The records below must be returned exactly, with every picture left out.

### Extracted information

______________________________

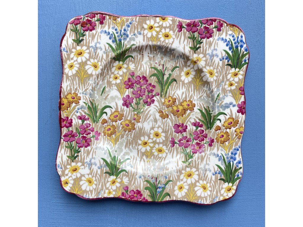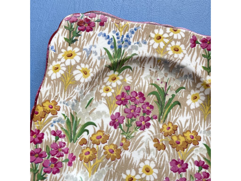 Dekor tvoří stylizované kopretiny, drobné růžové a žluté květy a zelené listy, doplněné o hnědavý rastrový podklad, který celku dodává živost a dekorativní hloubku.
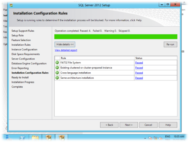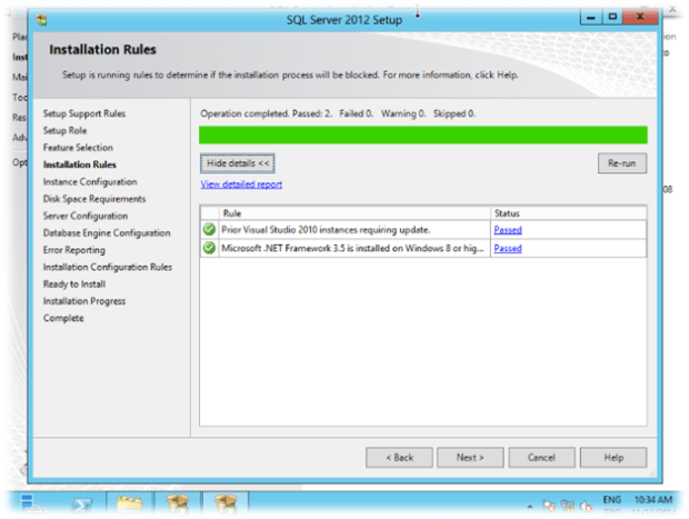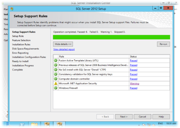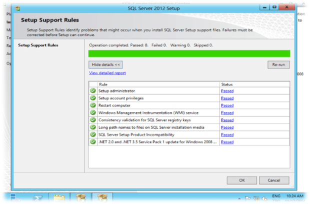 Kurulum için belirli kontroller yapılmaktadır. Bu kontrollerin “Passed” olması gerekmektedir. OK diyerek kuruluma devam ediyoruz.
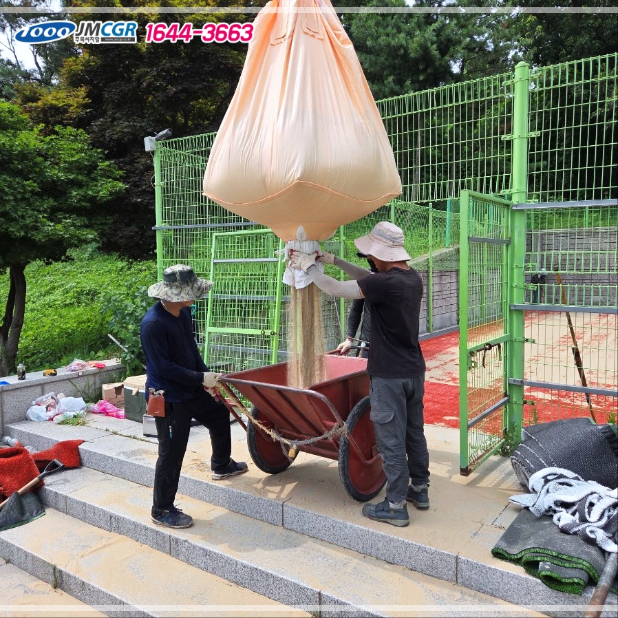 게 됐습니다. 이 인조잔디는 규사가 밖으로 나가지 않게 만드는 역할을 하는데요.
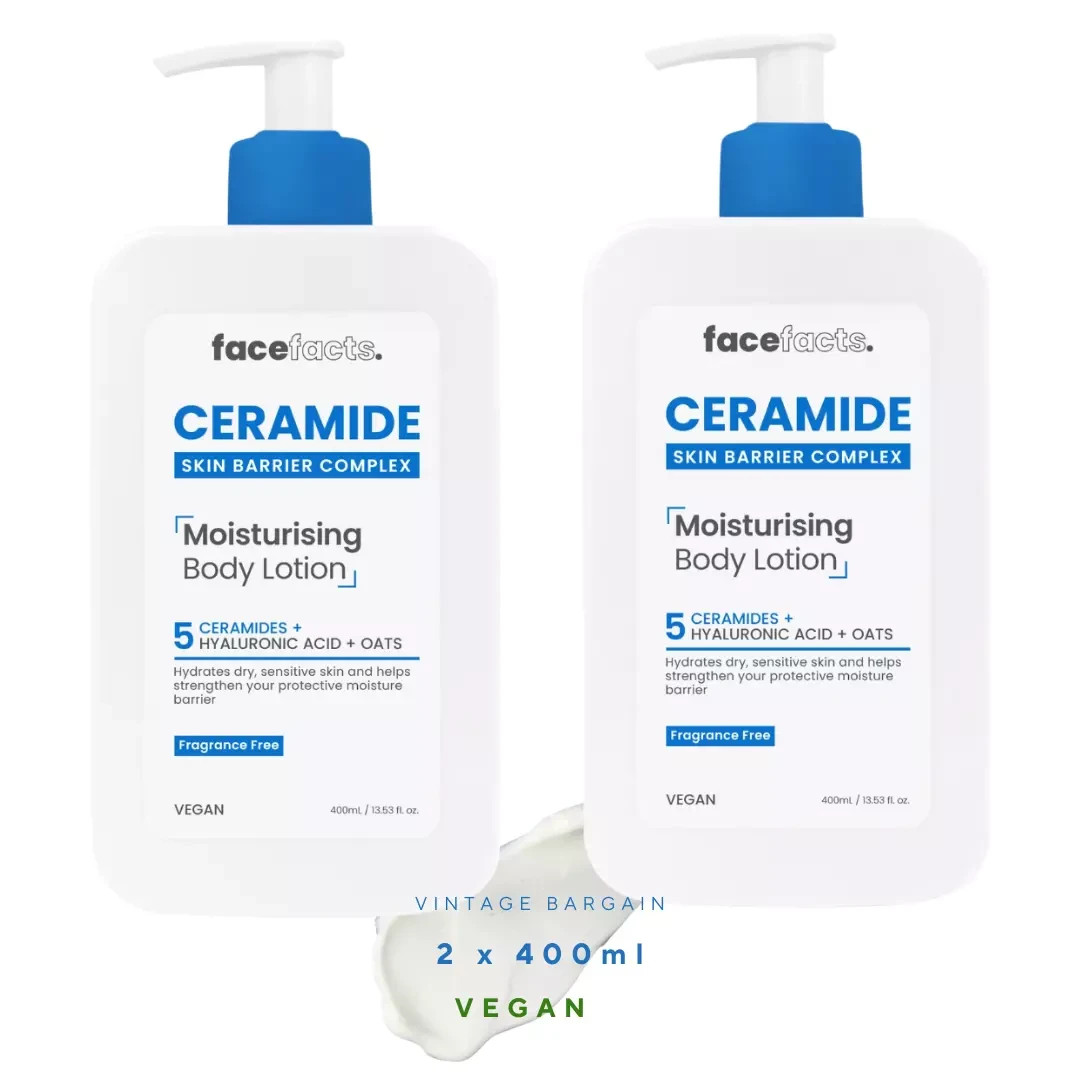 2x 400ml Face Facts Ceramide Moisturising Body Lotion With Hyaluronic Acid
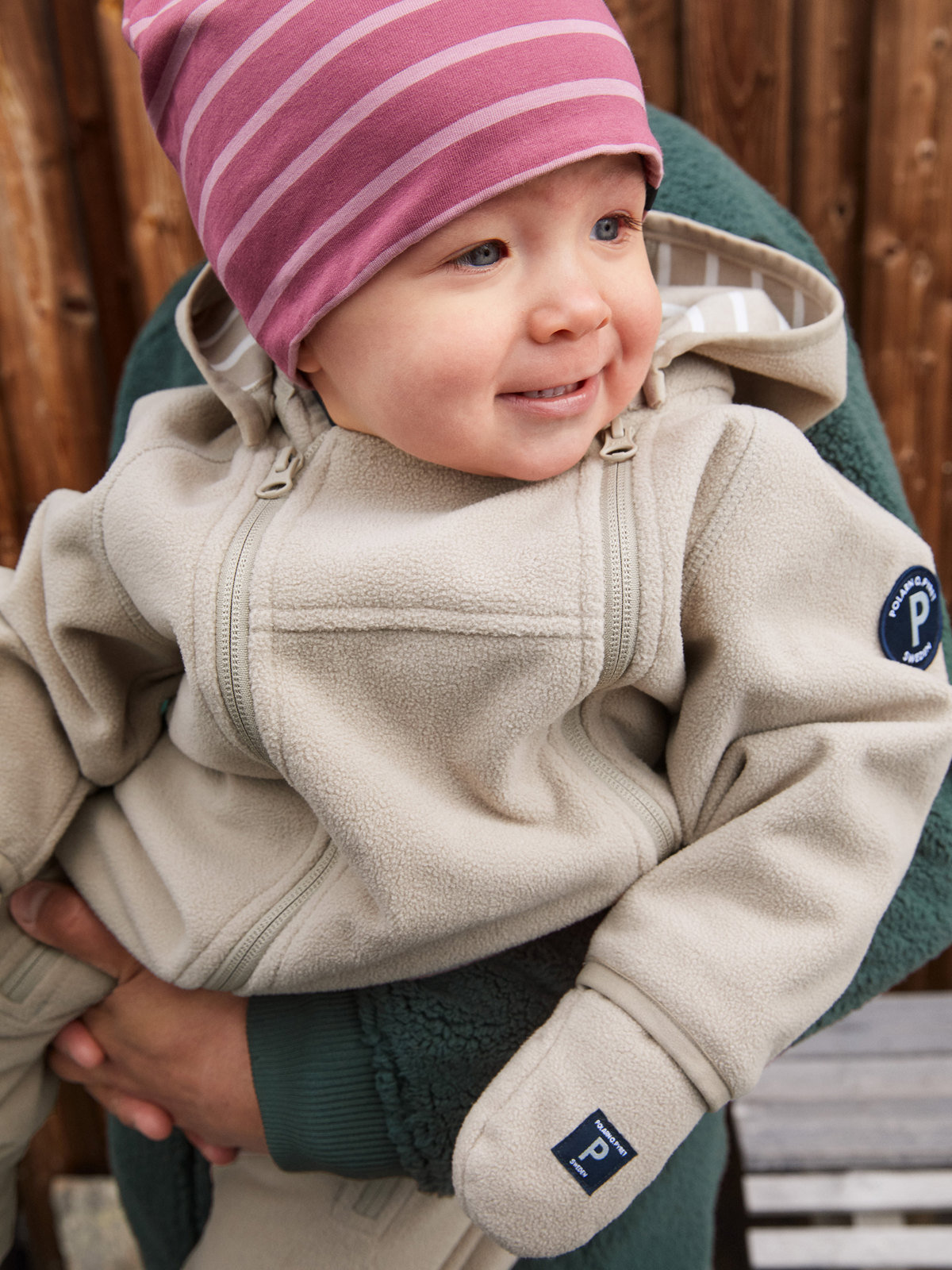 En vindtät och vattenavvisande vindfleeceoverall för baby. Perfekt att ha i vagnen!

______________________________

### Output of the exercise
 Dekor tvoří stylizované kopretiny, drobné růžové a žluté květy a zelené listy, doplněné o hnědavý rastrový podklad, který celku dodává živost a dekorativní hloubku.
 Kurulum için belirli kontroller yapılmaktadır. Bu kontrollerin “Passed” olması gerekmektedir. OK diyerek kuruluma devam ediyoruz.
 게 됐습니다. 이 인조잔디는 규사가 밖으로 나가지 않게 만드는 역할을 하는데요.
 2x 400ml Face Facts Ceramide Moisturising Body Lotion With Hyaluronic Acid
 En vindtät och vattenavvisande vindfleeceoverall för baby. Perfekt att ha i vagnen!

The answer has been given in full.